# PROVIDED ENTRIES
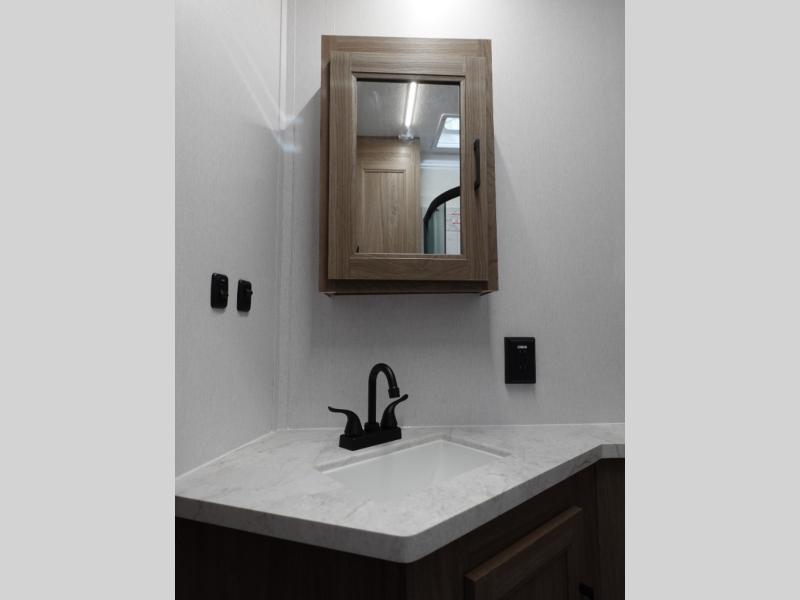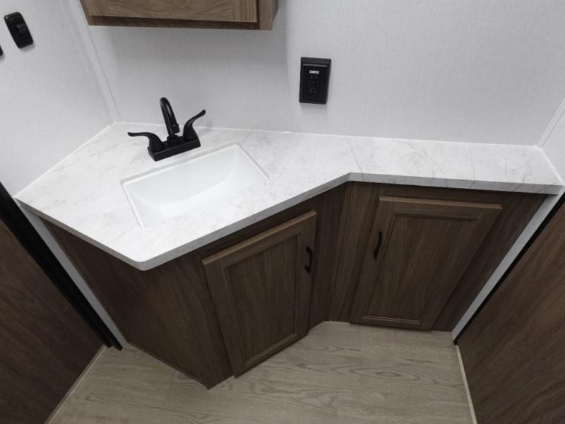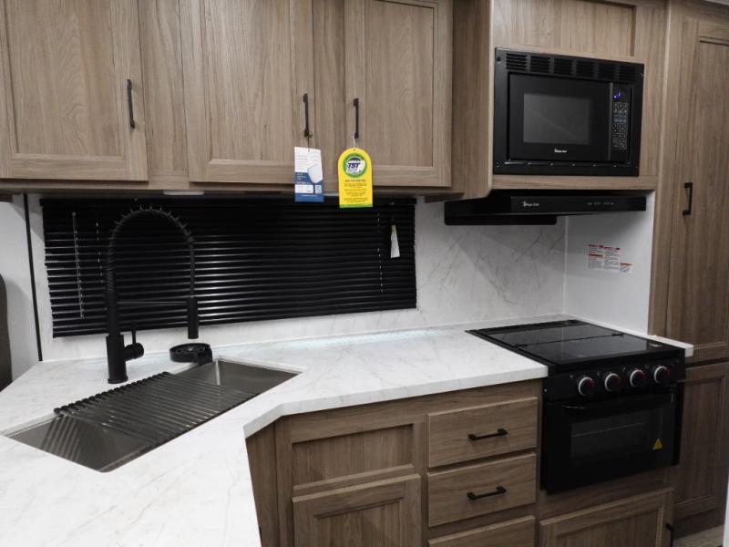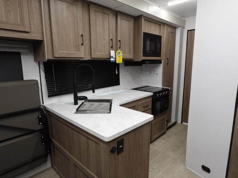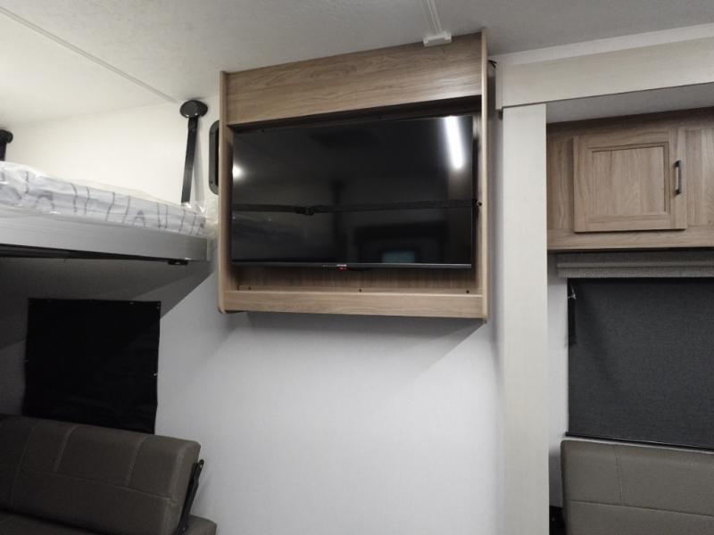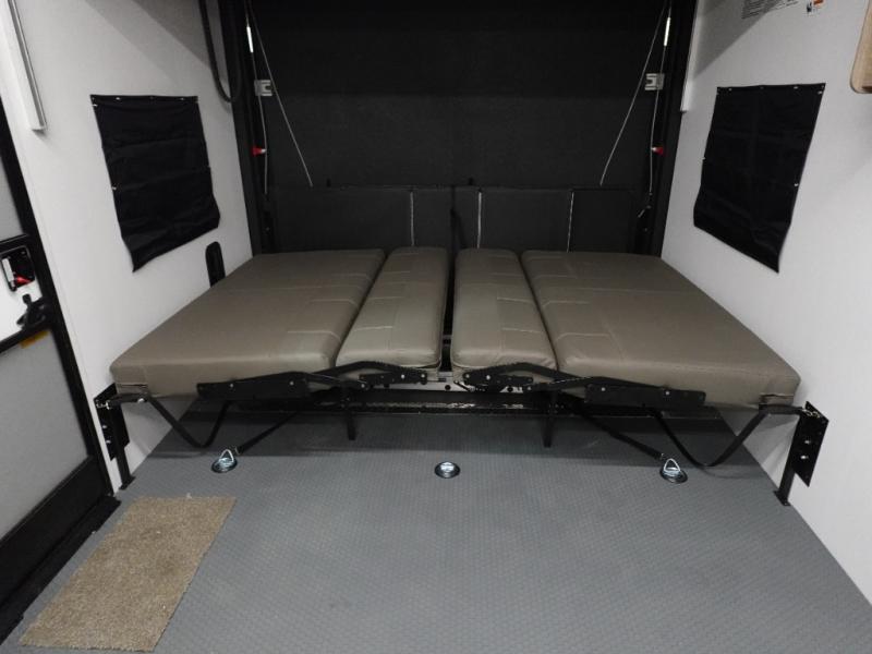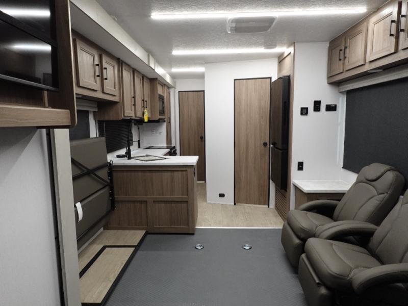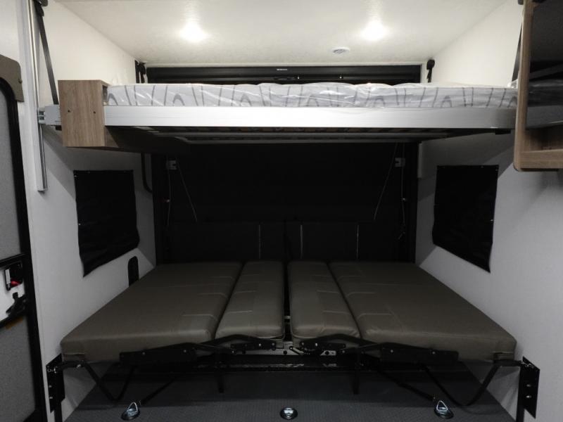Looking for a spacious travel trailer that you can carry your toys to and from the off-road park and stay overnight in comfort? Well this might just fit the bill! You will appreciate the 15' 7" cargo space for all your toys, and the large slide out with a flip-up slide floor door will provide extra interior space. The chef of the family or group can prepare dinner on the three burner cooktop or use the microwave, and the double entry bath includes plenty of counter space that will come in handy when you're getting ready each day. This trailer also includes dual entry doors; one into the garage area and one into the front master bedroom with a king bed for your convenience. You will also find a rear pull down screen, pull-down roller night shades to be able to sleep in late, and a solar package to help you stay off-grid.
* * *
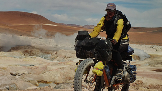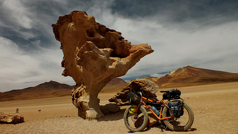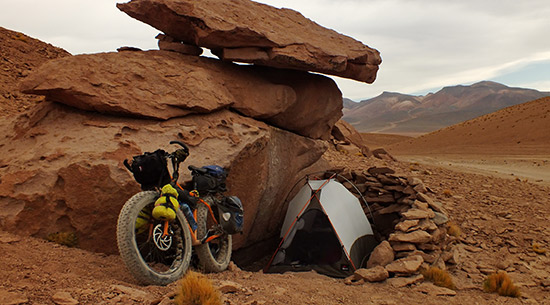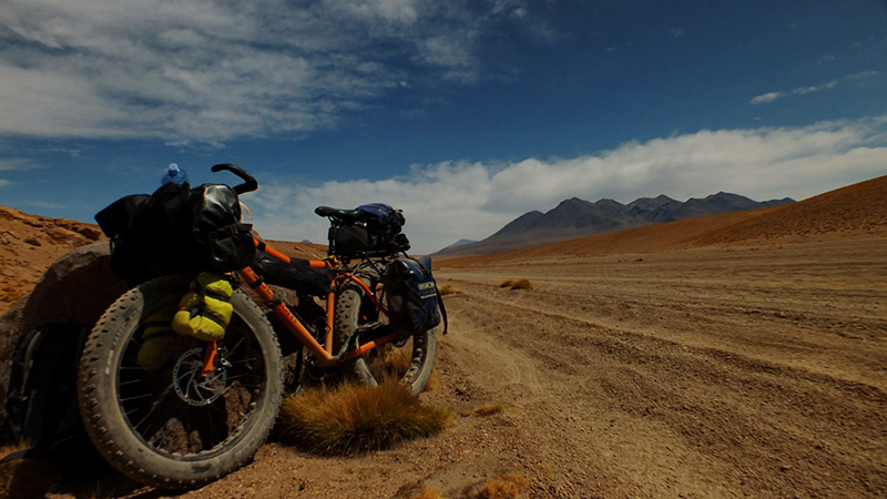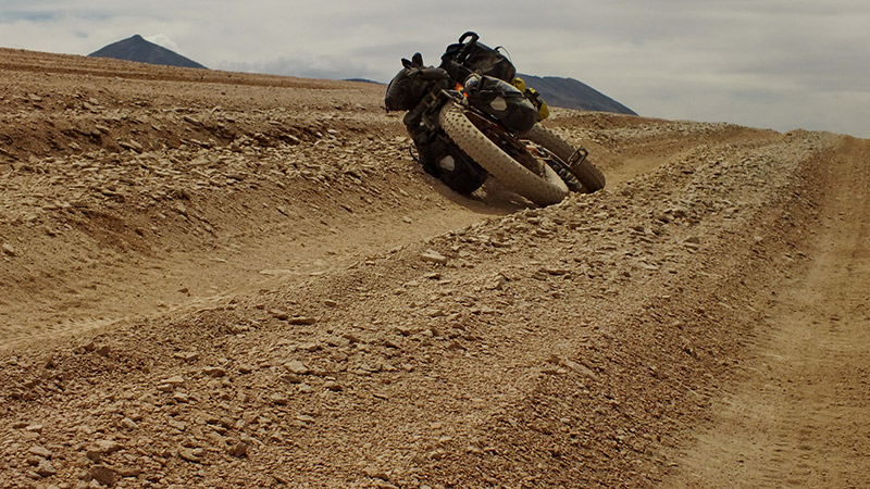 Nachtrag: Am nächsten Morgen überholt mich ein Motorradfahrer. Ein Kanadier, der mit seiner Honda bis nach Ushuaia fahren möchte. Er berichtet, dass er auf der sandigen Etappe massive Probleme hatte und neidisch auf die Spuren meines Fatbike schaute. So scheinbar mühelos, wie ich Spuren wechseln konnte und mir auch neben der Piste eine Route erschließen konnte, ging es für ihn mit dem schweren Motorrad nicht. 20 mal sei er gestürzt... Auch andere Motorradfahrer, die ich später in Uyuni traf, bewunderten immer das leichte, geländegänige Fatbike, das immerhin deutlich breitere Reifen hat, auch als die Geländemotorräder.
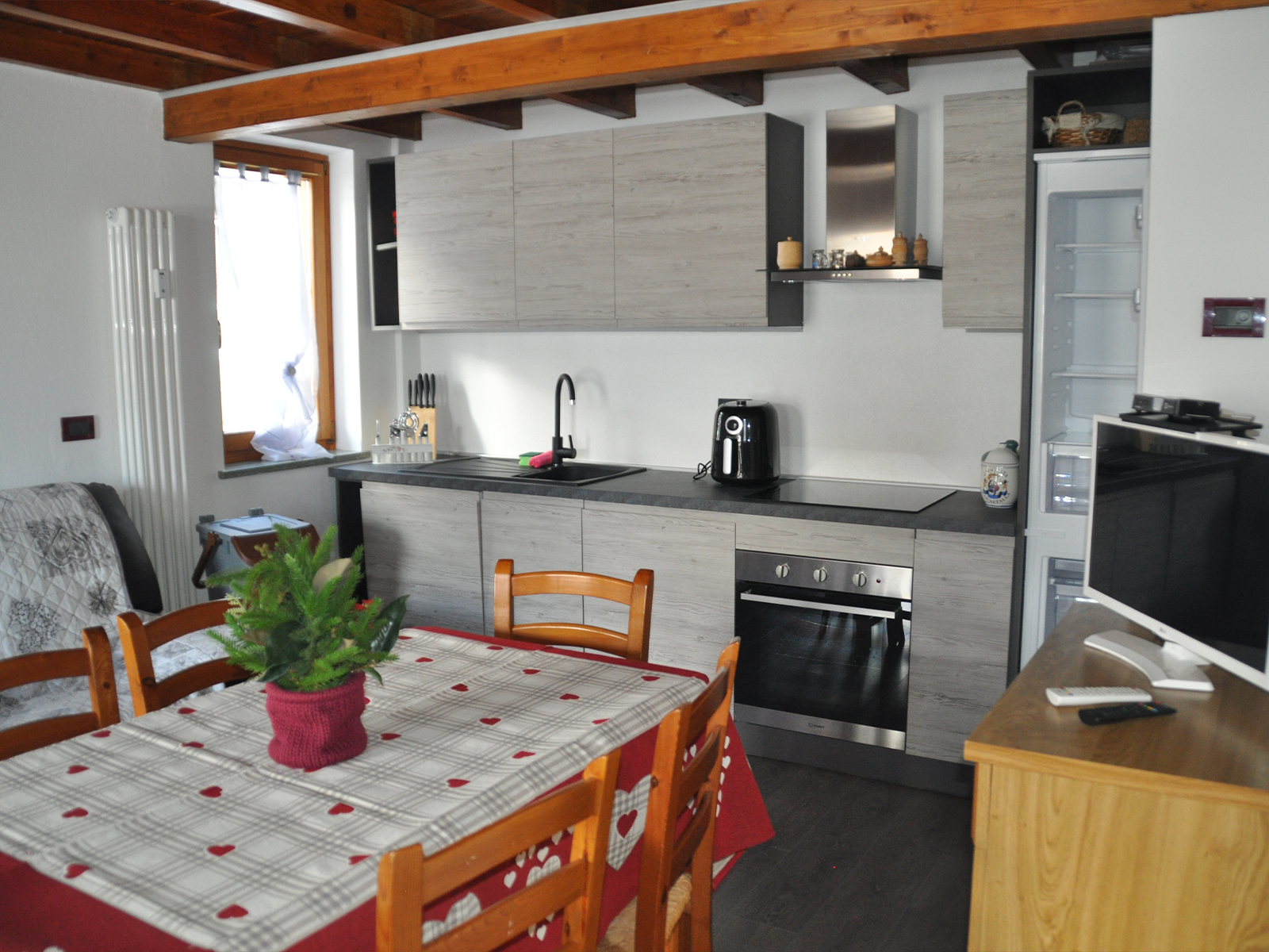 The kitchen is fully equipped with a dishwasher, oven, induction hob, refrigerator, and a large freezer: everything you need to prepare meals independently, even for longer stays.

# EXERCISE INSTRUCTIONS
Start with the line above containing "Nachtrag: Am nächsten" and end with the line containing "The kitchen is". Set down that stretch exactly, without any pictures.

# RESPONSE TO THIS EXERCISE
 Nachtrag: Am nächsten Morgen überholt mich ein Motorradfahrer. Ein Kanadier, der mit seiner Honda bis nach Ushuaia fahren möchte. Er berichtet, dass er auf der sandigen Etappe massive Probleme hatte und neidisch auf die Spuren meines Fatbike schaute. So scheinbar mühelos, wie ich Spuren wechseln konnte und mir auch neben der Piste eine Route erschließen konnte, ging es für ihn mit dem schweren Motorrad nicht. 20 mal sei er gestürzt... Auch andere Motorradfahrer, die ich später in Uyuni traf, bewunderten immer das leichte, geländegänige Fatbike, das immerhin deutlich breitere Reifen hat, auch als die Geländemotorräder.
 The kitchen is fully equipped with a dishwasher, oven, induction hob, refrigerator, and a large freezer: everything you need to prepare meals independently, even for longer stays.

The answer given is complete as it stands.